-- The input follows --

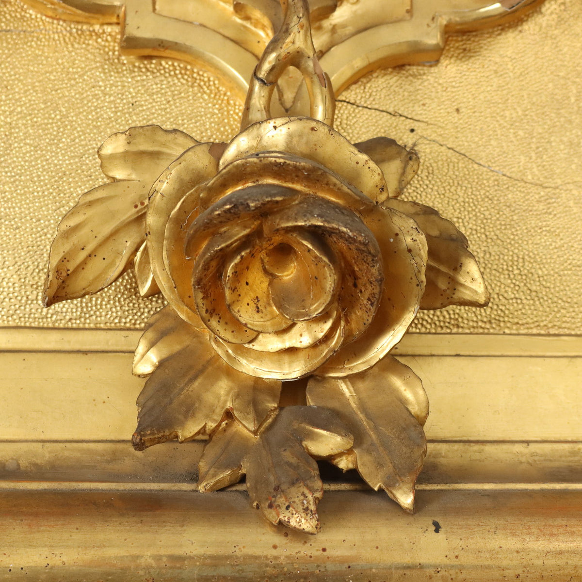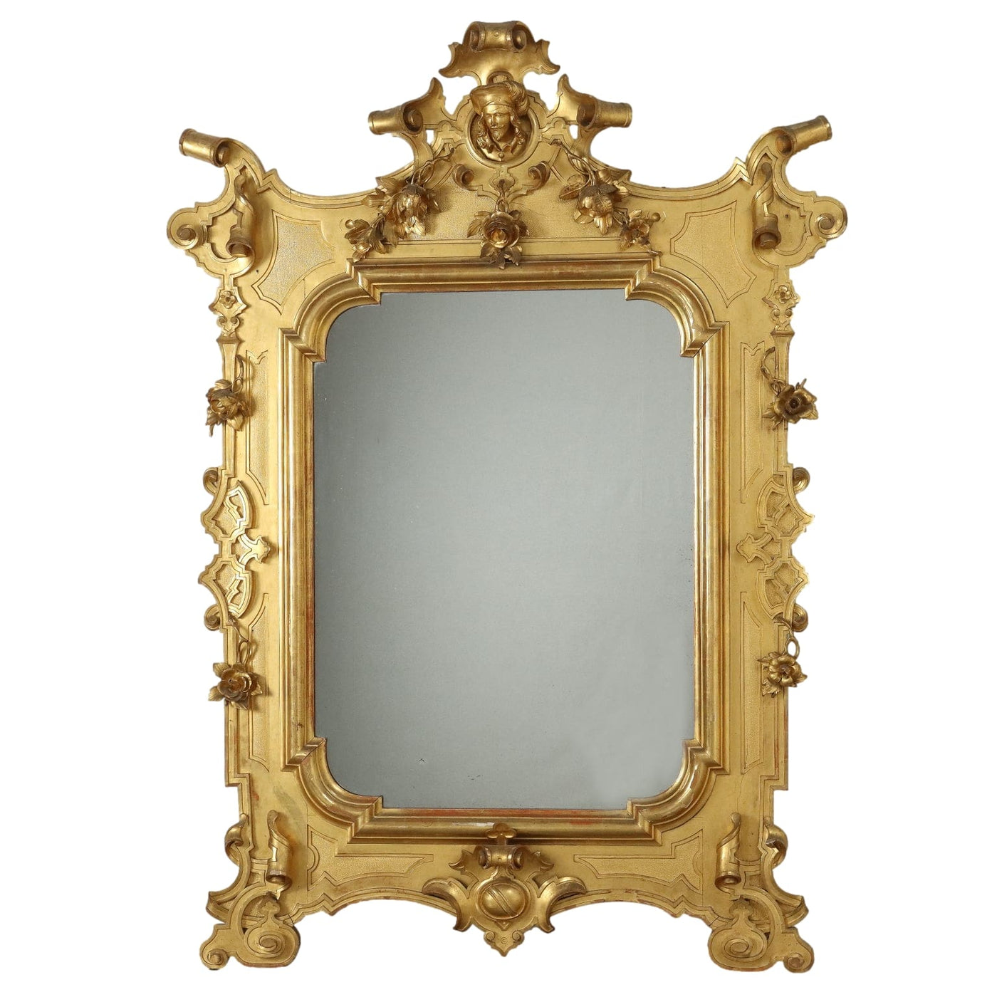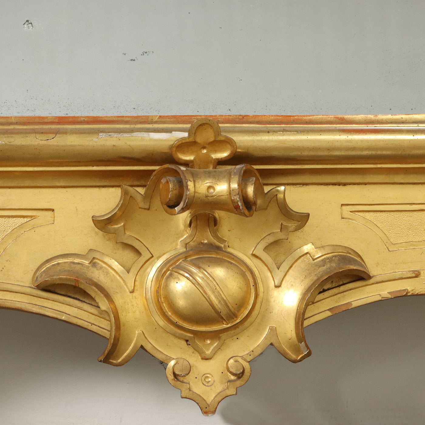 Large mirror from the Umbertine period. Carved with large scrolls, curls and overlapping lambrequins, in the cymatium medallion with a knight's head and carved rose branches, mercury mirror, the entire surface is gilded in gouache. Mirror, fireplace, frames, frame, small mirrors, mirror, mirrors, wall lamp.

-- The input concluded --
-- The input follows --

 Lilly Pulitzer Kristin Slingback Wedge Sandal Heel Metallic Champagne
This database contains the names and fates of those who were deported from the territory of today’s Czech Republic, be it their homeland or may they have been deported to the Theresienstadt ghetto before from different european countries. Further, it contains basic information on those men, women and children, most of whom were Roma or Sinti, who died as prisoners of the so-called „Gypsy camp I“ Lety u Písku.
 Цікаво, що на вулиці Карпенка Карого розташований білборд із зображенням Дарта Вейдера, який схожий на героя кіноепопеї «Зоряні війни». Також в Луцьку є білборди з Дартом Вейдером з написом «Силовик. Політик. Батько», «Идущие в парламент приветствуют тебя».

-- The input concluded --
-- The input follows --

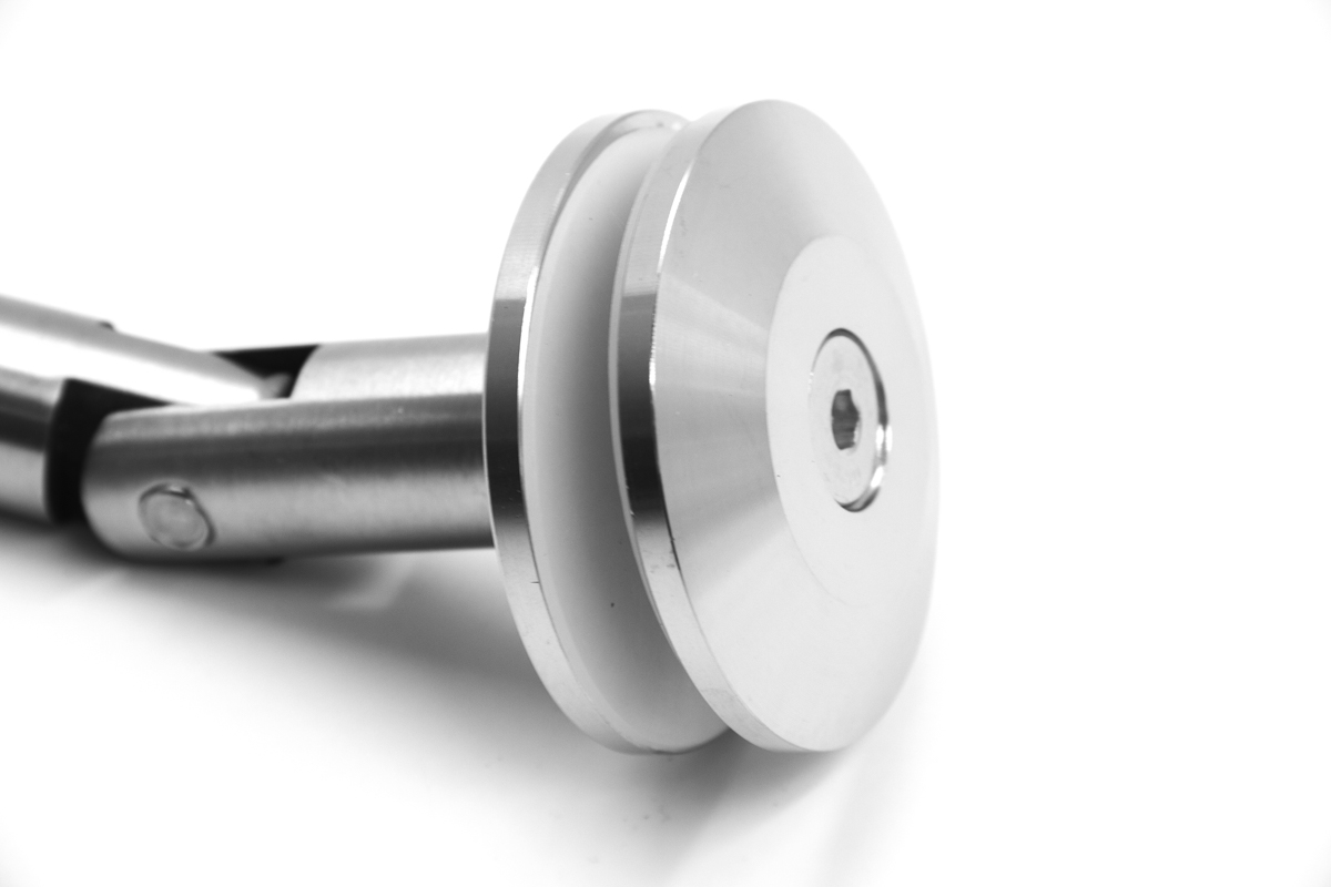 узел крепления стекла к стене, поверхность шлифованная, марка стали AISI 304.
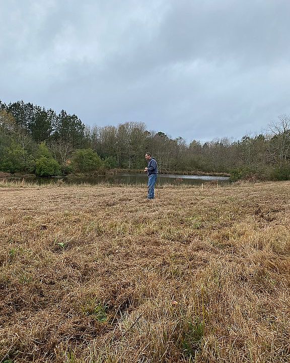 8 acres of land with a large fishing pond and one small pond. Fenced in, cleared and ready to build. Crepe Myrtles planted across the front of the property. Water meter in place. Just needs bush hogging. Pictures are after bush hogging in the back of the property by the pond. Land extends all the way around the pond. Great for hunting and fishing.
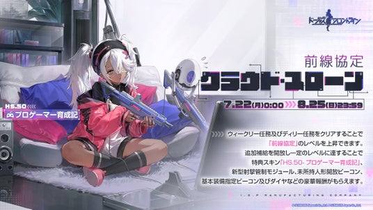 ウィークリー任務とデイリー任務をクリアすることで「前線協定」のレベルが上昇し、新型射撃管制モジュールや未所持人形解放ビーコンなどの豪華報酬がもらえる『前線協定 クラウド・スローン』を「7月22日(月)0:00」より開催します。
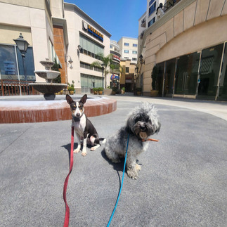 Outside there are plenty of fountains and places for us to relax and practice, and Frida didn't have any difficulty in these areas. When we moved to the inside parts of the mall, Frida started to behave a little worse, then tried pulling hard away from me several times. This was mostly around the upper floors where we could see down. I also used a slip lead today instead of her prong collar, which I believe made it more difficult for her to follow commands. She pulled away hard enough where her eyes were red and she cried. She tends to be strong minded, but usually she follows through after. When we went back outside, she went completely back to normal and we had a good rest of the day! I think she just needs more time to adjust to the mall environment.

-- The input concluded --

• _Problem requirements_
Look through the data above and return exactly the lines from the one that contains "Lilly Pulitzer Kristin" to the one that contains "Цікаво, що на", inclusive, with nothing else.

• _Your solution_
 Lilly Pulitzer Kristin Slingback Wedge Sandal Heel Metallic Champagne
This database contains the names and fates of those who were deported from the territory of today’s Czech Republic, be it their homeland or may they have been deported to the Theresienstadt ghetto before from different european countries. Further, it contains basic information on those men, women and children, most of whom were Roma or Sinti, who died as prisoners of the so-called „Gypsy camp I“ Lety u Písku.
 Цікаво, що на вулиці Карпенка Карого розташований білборд із зображенням Дарта Вейдера, який схожий на героя кіноепопеї «Зоряні війни». Також в Луцьку є білборди з Дартом Вейдером з написом «Силовик. Політик. Батько», «Идущие в парламент приветствуют тебя».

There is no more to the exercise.